My quick guess is that because you only have four animals, estimating the SDs of the animal-specific parameters is difficult. Perhaps you could try with a more informative prior on the SDs (I can’t recommend a specific one, but some people like to use the student_t with a low DF.) You can use the get_prior() function to help see how to specify the priors.

1 Like

Dan mentions <10 divergent transitions occurred after warmup, how many is acceptable? How does having divergent transitions impact the accuracy of the results?

1 Like

I think a little prior information will go a long way. By default, you’re allowing dwell times of up 8 x 10^67 as plausible.
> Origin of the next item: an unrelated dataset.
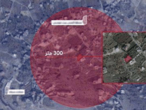 A map released by the occupation showed where the residents of the town of Sohmor, south of the Beqaa region of Lebanon, must evacuate in hopes of being safe from harm: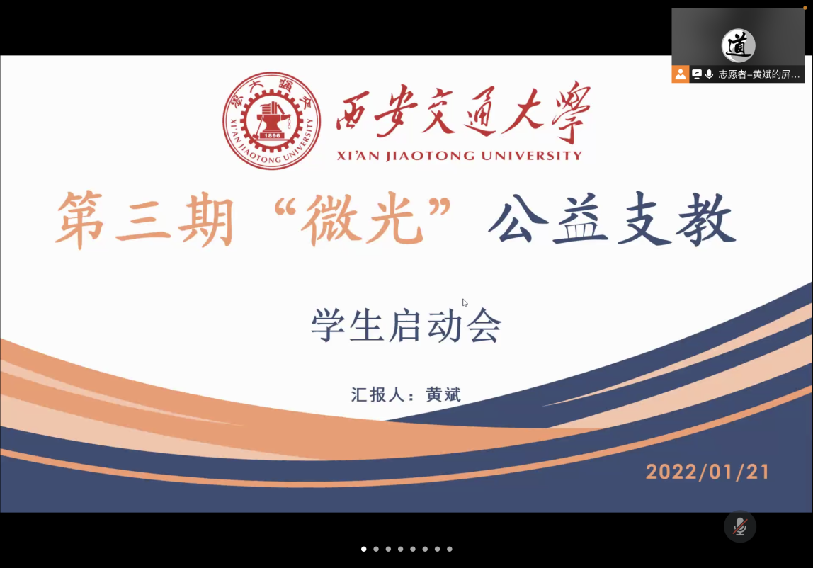 从2021年11月26日支教招募令发出,到前期准备中的数次运营团队会议,再到志愿者启动会、志愿者政治培训会,终于,2022年1月21日,第三期“微光”支教在学生启动会中正式拉开帷幕,为同学们未来16天的全速奔跑提供助力。

You could tighten this down to something like weakly informative 3 hours (~10000 seconds). (I’m assuming dwell times are in seconds.) Then apply this same principle to the random effects too.


data <- tibble(
  DwellTime = exp(rnorm(40, 1.5, 1)),
  AnimalID = rep(1:4, 10)

f <- bf(DwellTime ~ 1 + (1 | AnimalID))
get_prior(f, data = data)
#>                 prior     class      coef    group resp dpar nlpar bound
#> 1 student_t(3, 5, 10) Intercept                                         
#> 2 student_t(3, 0, 10)        sd                                         
#> 3                            sd           AnimalID                      
#> 4                            sd Intercept AnimalID                      
#> 5 student_t(3, 0, 10)     sigma

# Sample of population means on outcome scale
hist(exp(rstudent_t(1000, 3, 5, 10)))

Created on 2019-02-26 by the reprex package (v0.2.1)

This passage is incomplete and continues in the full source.